> **Exercise details**
Using the entries below, copy exactly each line from the line with "AEW UPPER DECK" up to and including the line with "The bubble ponytail, which", with every picture left out.

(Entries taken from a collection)
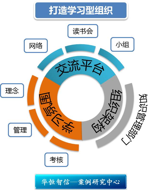 首先,企业应该从组织架构入手。建议设立专门的知识管理部门来负责学习型组织的建设的维护,主要工作为标竿管理、外部信息收集和发布、企业内部问题公布和意见收集、知识共享平台的建设和维护,并且配合人力资源部进行相应的考核。
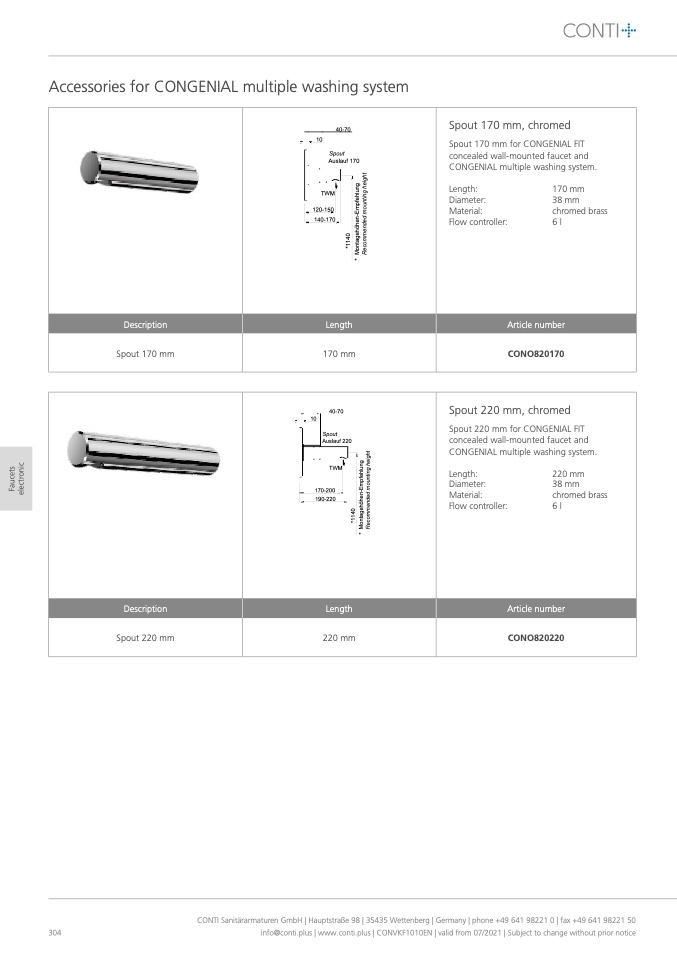 CONTI Sanitärarmaturen GmbH | Hauptstraße 98 | 35435 Wettenberg | Germany | phone +49 641 98221 0 | fax +49 641 98221 50
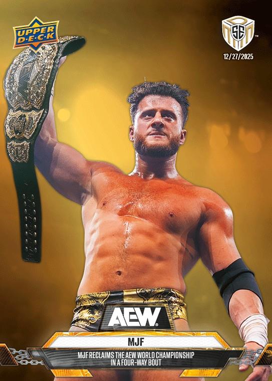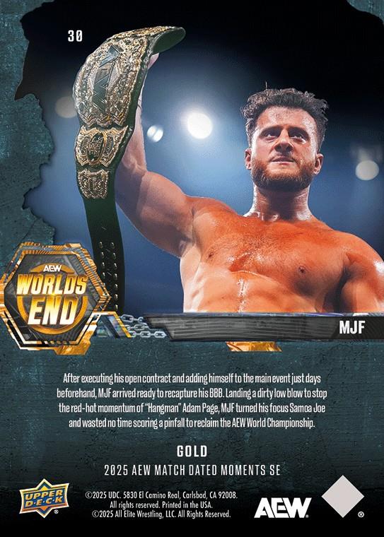 AEW UPPER DECK E-PACK MATCH DATED MOMENTS SPECIAL EDITION 2025 – MJF – MJF RECLAIMS THE AEW WORLD CHAMPIONSHIP IN A FOUR-WAY BOUT #30 – GOLD PARALLEL
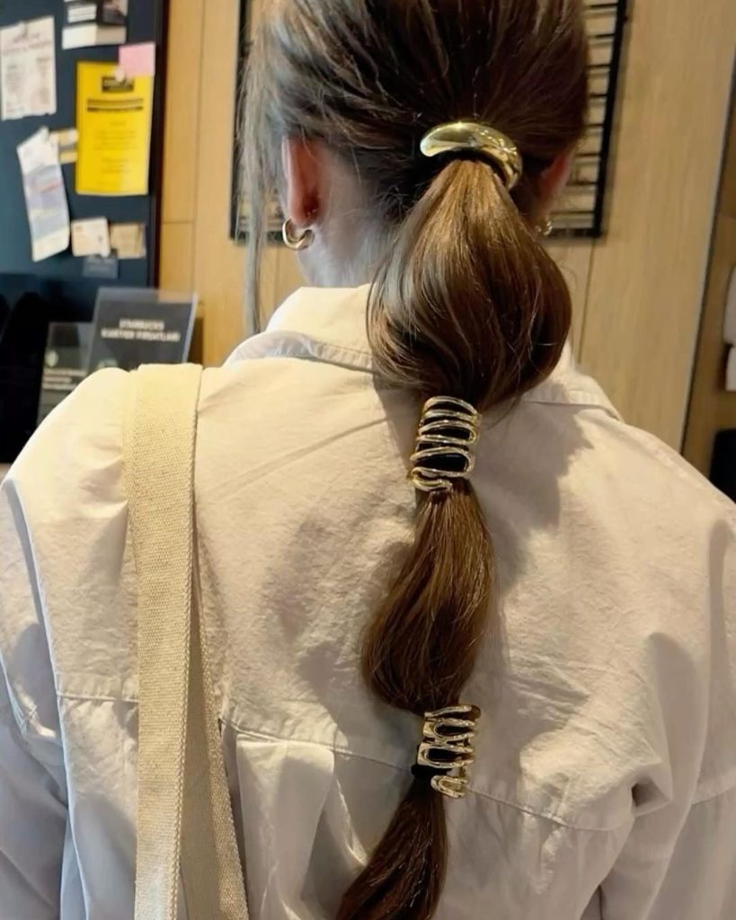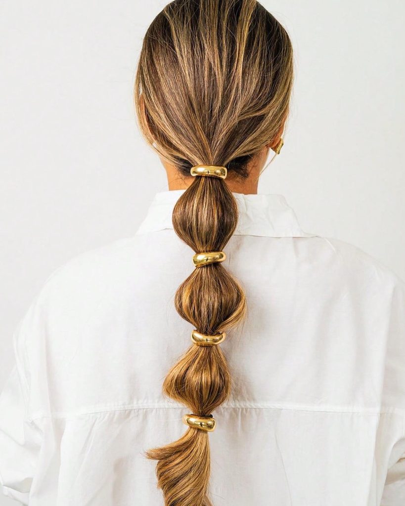 The bubble ponytail, which is decorated with the help of several golden bands, is a fun but strict hairstyle for girls with long hair. The chic style intermingles the indie charming with modern aesthetics, making it suitable for casual or semi-formal events. The golden bands serve as the expertly customized final touch while still making the wearers who are young, cool, and trendy.
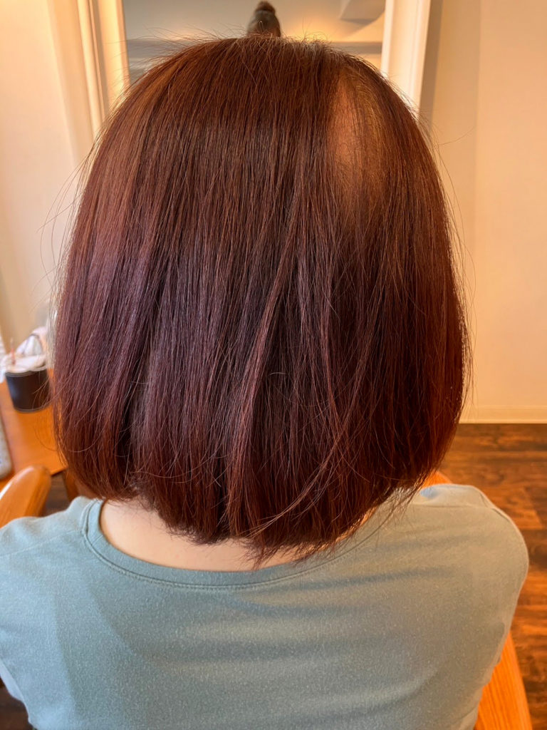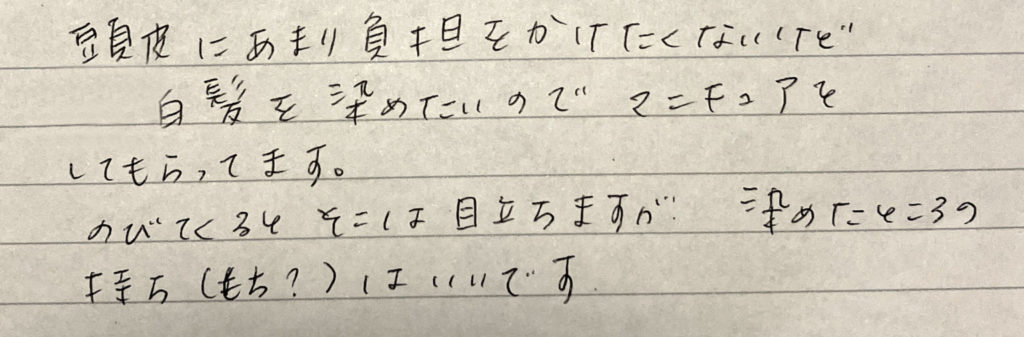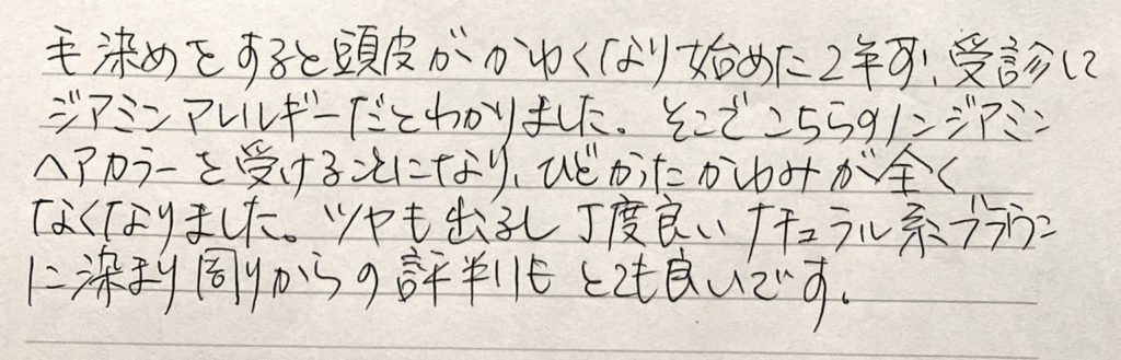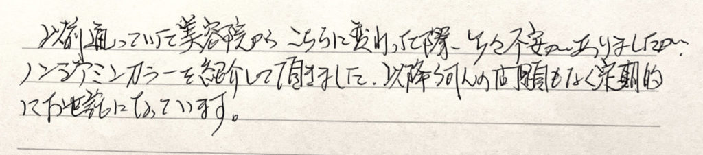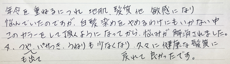 髪質改善の ビフォア・アフターと お客様の声をご紹介 髪と地肌に優しいエイジングケアカラーの ビフォア・アフターやお客様の声をご紹介 髪と地肌に優しい エイジングケアカラーの ビフォア・アフターや お客様の声をご紹介 掲載している施術例には、技術監修元が作成した仕上がり例を含みます。当サロンはセーフティーカラーリスト認定サロンとして、独自の判断と責任で施術を行っています。 ノンジアミンカラー施術1 ビフォア アフター ビフォア分け目 アフター分け目 「お客様のお声」 「お客様のお声」 「毛染めをすると頭皮がかゆくなり始めた2年前、受診してジアミンアレルギーだとわかりました。そこでこちらのノンジアミン ヘアカラーをうけることになり、ひどかったかゆみが全くなくなりました。ツヤもでるし丁度良いナチュラル系ブラウンに染まり周りからの評判もとても良いです。」(Cさま) ノンジアミンカラー施術2 ビフォア アフター ビフォア分け目 アフター分け目 「お客様のお声」 「お客様のお声」 「以前通っていた美容室からこちらに変わった際 少々不安がありましたがノンジアミン カラーを紹介して頂きました。以降 何の問題もなく定期的にお世話になっています。」 ノンジアミンカラー施術3 ビフォア アフター ビフォア分け目 アフター分け目 「お客様のお声」 「お客様のお声」 「年令を重ねるにつれ 地肌、髪質他 敏感になり悩んでいたのですが、白髪染をやめるわけにもいかない中 このカラーをして頂くようになってから、悩みが解消されました。又、つやも出て、パサつき、うねりも少なくなり、久々に健康な髪質に戻れてよかったです。」 LINE予約お問合せ方法へ ハーブカラー施術1 ビフォアー アフター ビフォアー分け目 アフター分け目 「お客様のお声」 「お客様のお声」 「ハーブカラーは肌にやさしいということで10年程継続してお世話になっています。自然な髪の艶もあり、頭皮にストレスもありません。いつもありがとうございます。」 ハーブカラー施術2 ビフォアー アフター ビフォアー分け目 アフター分け目 「お客様のお声」 「お客様のお声」 「色あいがよく、匂いやかゆみもなく、とても気に入り、それ以来ずっとお世話になっています。ハーブを利用しているせいか、髪の毛の傷みもなく、これからも続けていこうと思っています。おすすめです!」 ハーブカラー施術3 ビフォア アフター ビフォア(トップ) アフター(トップ) LINE予約お問合せ方法へ 「お客様のお声」 「お客様のお声」 「とてもしっとりして トリートメント効果があると思います。長く続けていきたいです。」 ヘアマニキュア施術1 ビフォア アフター ビフォア(トップ) アフター(トップ) 「お客様のお声」 「お客様のお声」 「頭皮にあまり負担をかけたくないけど白髪を染めたいのでヘアマニキュアをしてもらってます。のびてくるとそこは目立ちますがそめたところの持ち(もち)はいいです。」 ヘアマニキュア施術2 ビフォア アフター ビフォア(トップ) アフター(トップ) 「お客様のお声」 「お客様のお声」 「肌荒れを気にせずに染めることができることと、色の種類が豊富なので色々楽しめて良いと思います。」 ヘアマニキュア施術3 ビフォア アフター 「お客様のお声」 「お客様のお声」 「アレルギー体質のためマニキュアで染めています。頭皮のトラブルは全くなく、白髪も目立たなくなるので、安心してお任せできます。」 ヘアマニキュア施術4 ビフォア アフター ビフォア(トップ) アフター(トップ) 「お客様のお声」 「お客様のお声」 「肌が弱く、薬剤が頭皮に着くと痛かったり施術後ずっとかゆみが続いたりするくらい敏感肌です。こちらのヘアマニキュア は仕上がりも自然でつやもでてお手入れもしやすく、全く問題なく安心して白髪染めできます。」 ヘアマニキュア施術5 ビフォア アフター ビフォア(トップ) アフター(トップ) 「お客様のお声」 「お客様のお声」 「ゴワゴワ感など無く ツヤ感が出て手入れしやすくなった ちゅうちょしていたが 白髪が気にならなくなり やって良かった」 LINE予約お問合せ方法へ

> **Reply**
 AEW UPPER DECK E-PACK MATCH DATED MOMENTS SPECIAL EDITION 2025 – MJF – MJF RECLAIMS THE AEW WORLD CHAMPIONSHIP IN A FOUR-WAY BOUT #30 – GOLD PARALLEL
 The bubble ponytail, which is decorated with the help of several golden bands, is a fun but strict hairstyle for girls with long hair. The chic style intermingles the indie charming with modern aesthetics, making it suitable for casual or semi-formal events. The golden bands serve as the expertly customized final touch while still making the wearers who are young, cool, and trendy.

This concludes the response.